Even so, Democrats in El Paso County see an opportunity to elect one of their own in a district that has historically been owned by Republicans. Pete Lee, a Colorado Springs attorney, is running on the Democratic ticket. Lee, who has never before held public office, is best known for his work to promote restorative justice programs in the state’s juvenile courts. Restorative justice programming sets up a conference between the offender and the victim, so that the offender can better understand the outcome of his or her actions.
If elected, Lee says that he would work to reduce our dependence on foreign oil by backing research into clean technology. He is also interested in expanding his restorative justice work beyond the juvenile population, to adult offenders. He would also work to decrease Colorado’s high school dropout rate.
"Does Pete Lee have a chance?" asks state Sen. John Morse, one of two El Paso County Democrats in the Legislature. "I think that is completely dependent on voter turnout. I think Republicans are sick and tired of right-wing Republican conservative policies. I think they will vote in droves for something other than right-wing conservative policies. And I think that Keith King is the epitome of a person with right-wing ideas."
Lee concedes that he can’t expect to win without support from Republican voters.
"No doubt about it," he says. "I am a moderate. There are Republicans who are frustrated with their own party. … They look at a person like me who has run a small business and has good credentials and recognize that maybe I represent or come closer to the ideas they believe in."
So far, Lee has nearly $17,500 cash on hand, while King has less than half of that.

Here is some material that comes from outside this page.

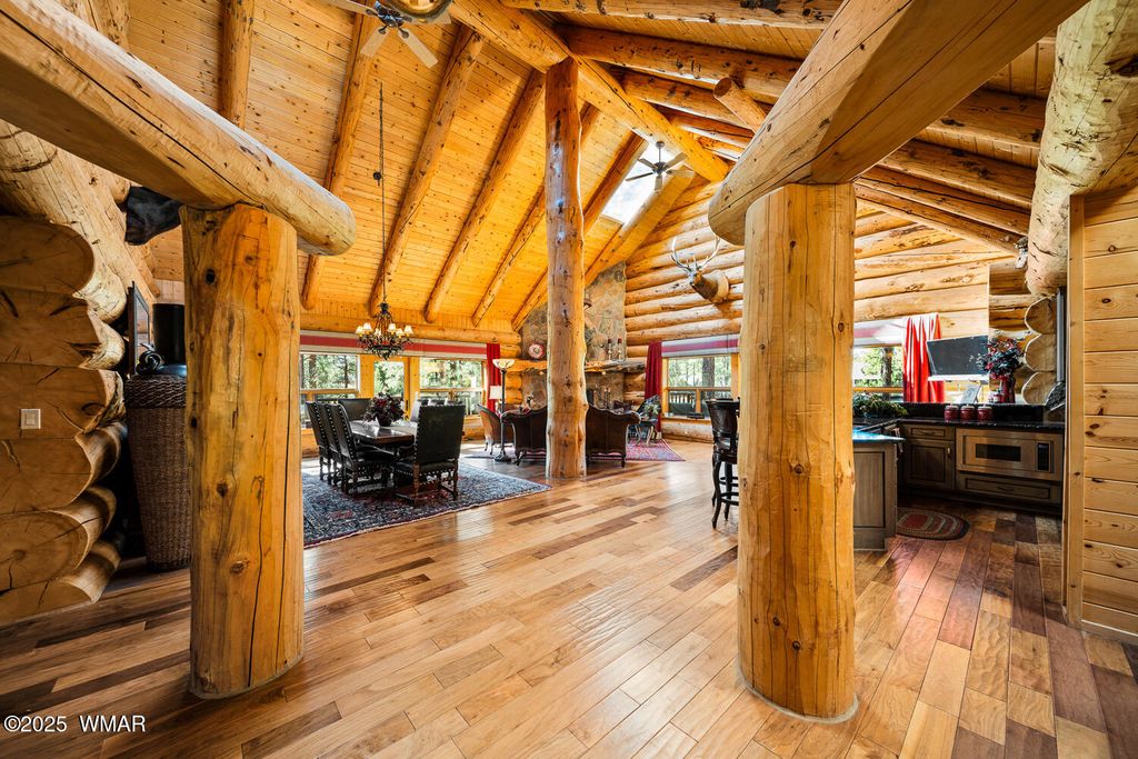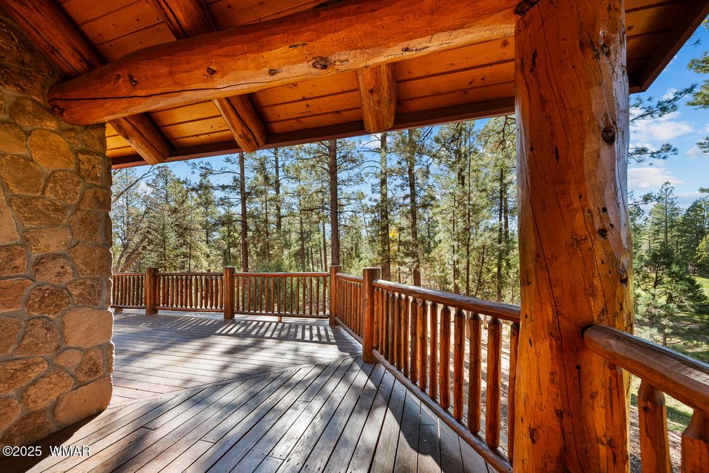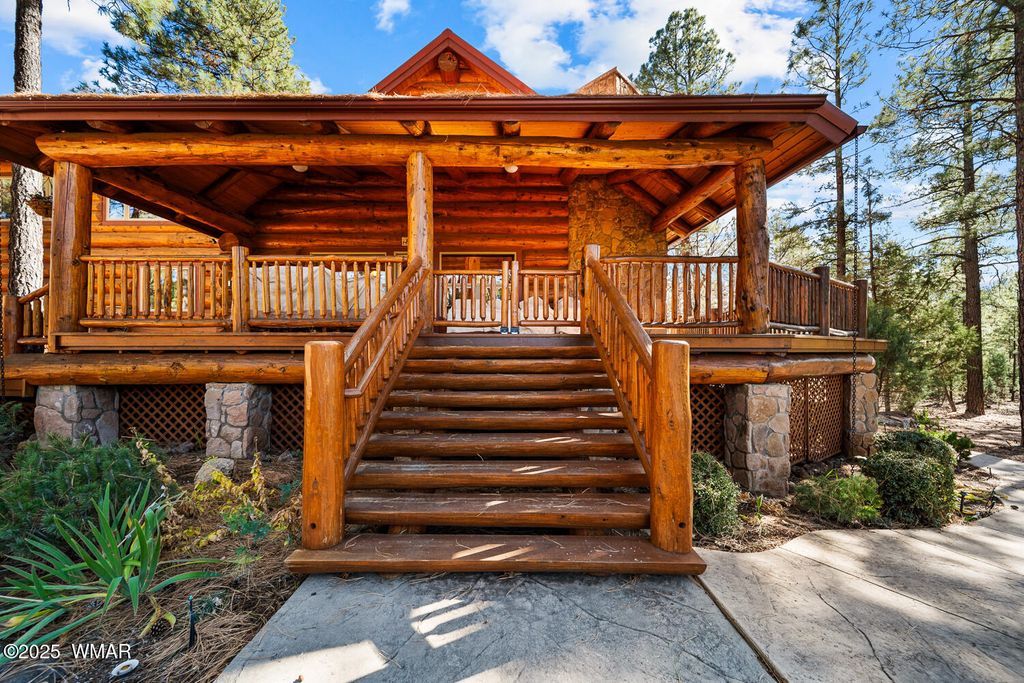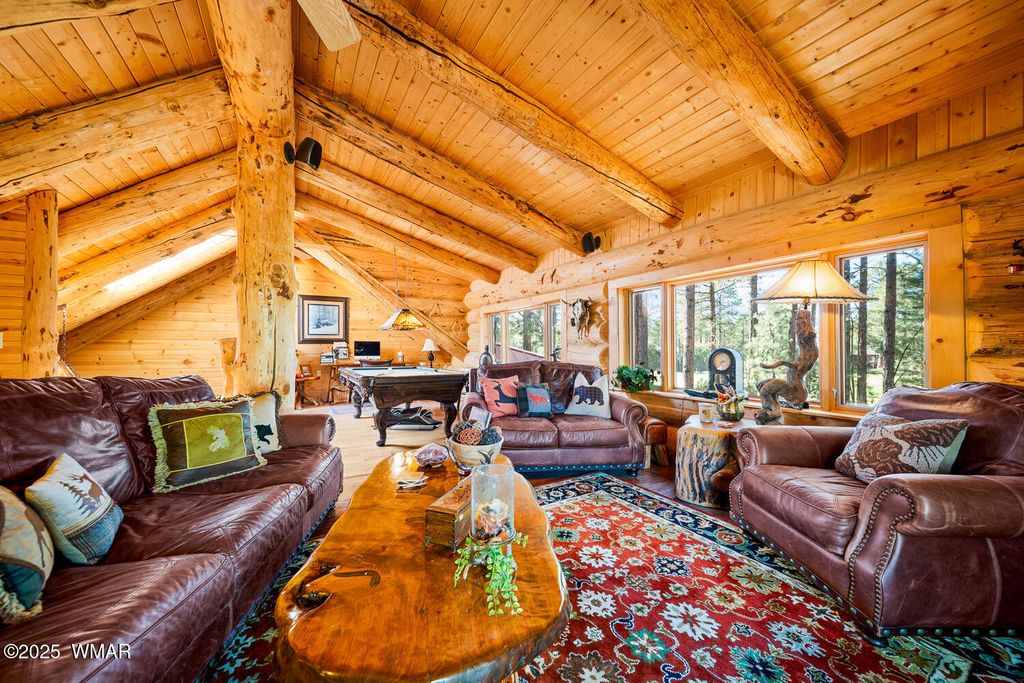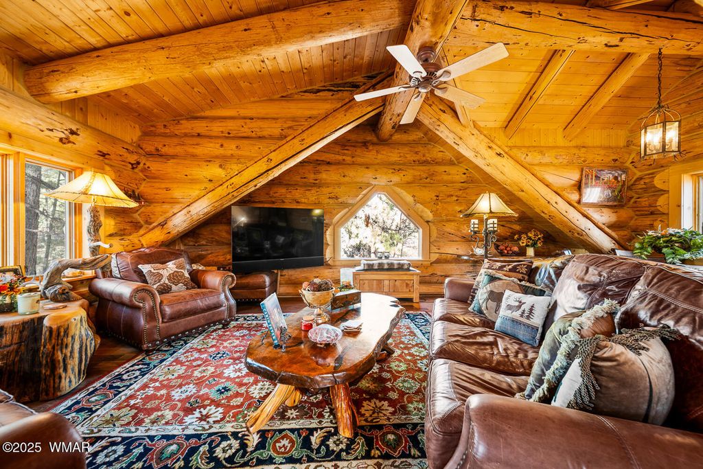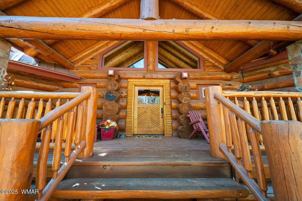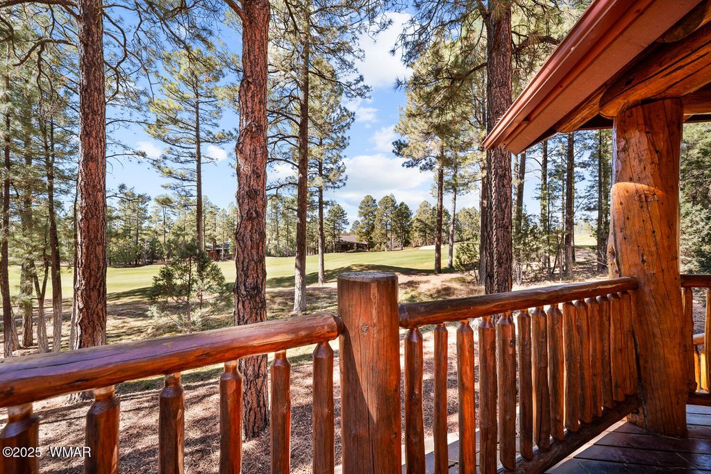 Incredibly rare full log home on the 15th fairway of the prestigious Cabin Course in Torreon. Nestled in the Tall Ponderosa Pine Trees at the end of the Little Leaf cul-de-sac, this is the home to make your great escape to Mountain life. As soon as you step inside, you will be awe-inspired by the spectacular craftmanship of it's full log beauty. Enjoy the open-concept living area that will keep the festivities going from the kitchen to the dining area, to the cozy gas fireplace made for a true mountain getaway. Your guests can relax in their own rooms with a Jack and Jill bathroom. The primary bedroom features its own loft and an abundance of space. The upstairs loft provides ample space for more entertaining. Outside, enjoy stunning views of the Cabin Course from the impressive deck!
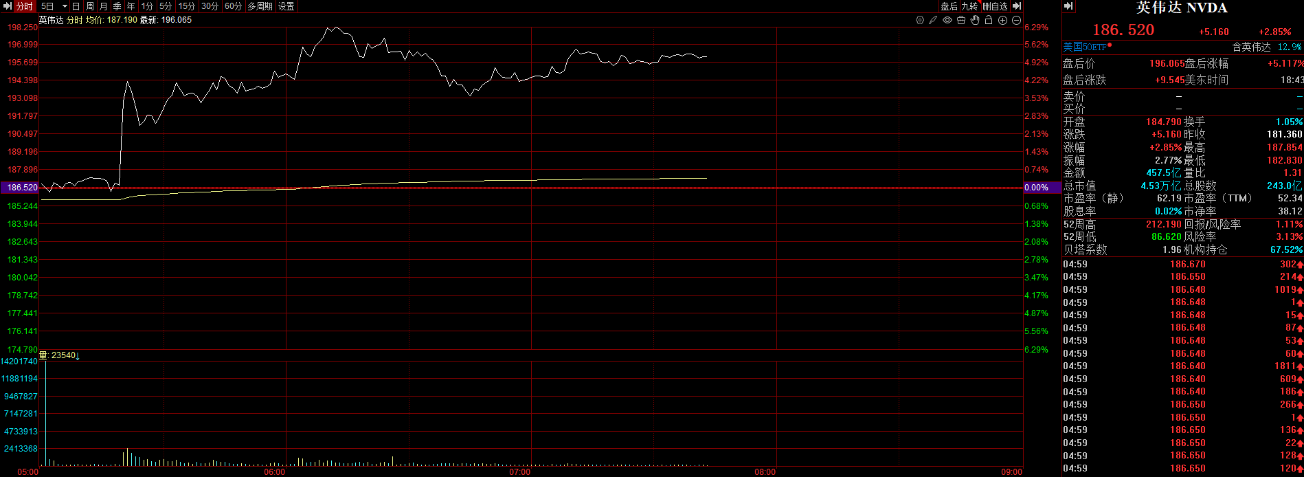 财报公布后,收涨近3%的英伟达盘后涨幅迅速扩大,盘后涨幅曾超过6%。分析师认为,英伟达提供的总营收和毛利率指引缓和了外界的AI泡沫担忧。

Most of King’s cash comes from an account set up to elect him to the House several years ago. King vows he plans to ratchet up his fundraising in July, but says he’ll naturally have an easier time because of the district’s voter makeup.
"I am out there working and trying to win the race," he says. "In these kinds of districts — not just this one — the person with less representative voter registration has got an uphill battle. It would be the same thing as if I ran in [Democratic-controlled] Denver.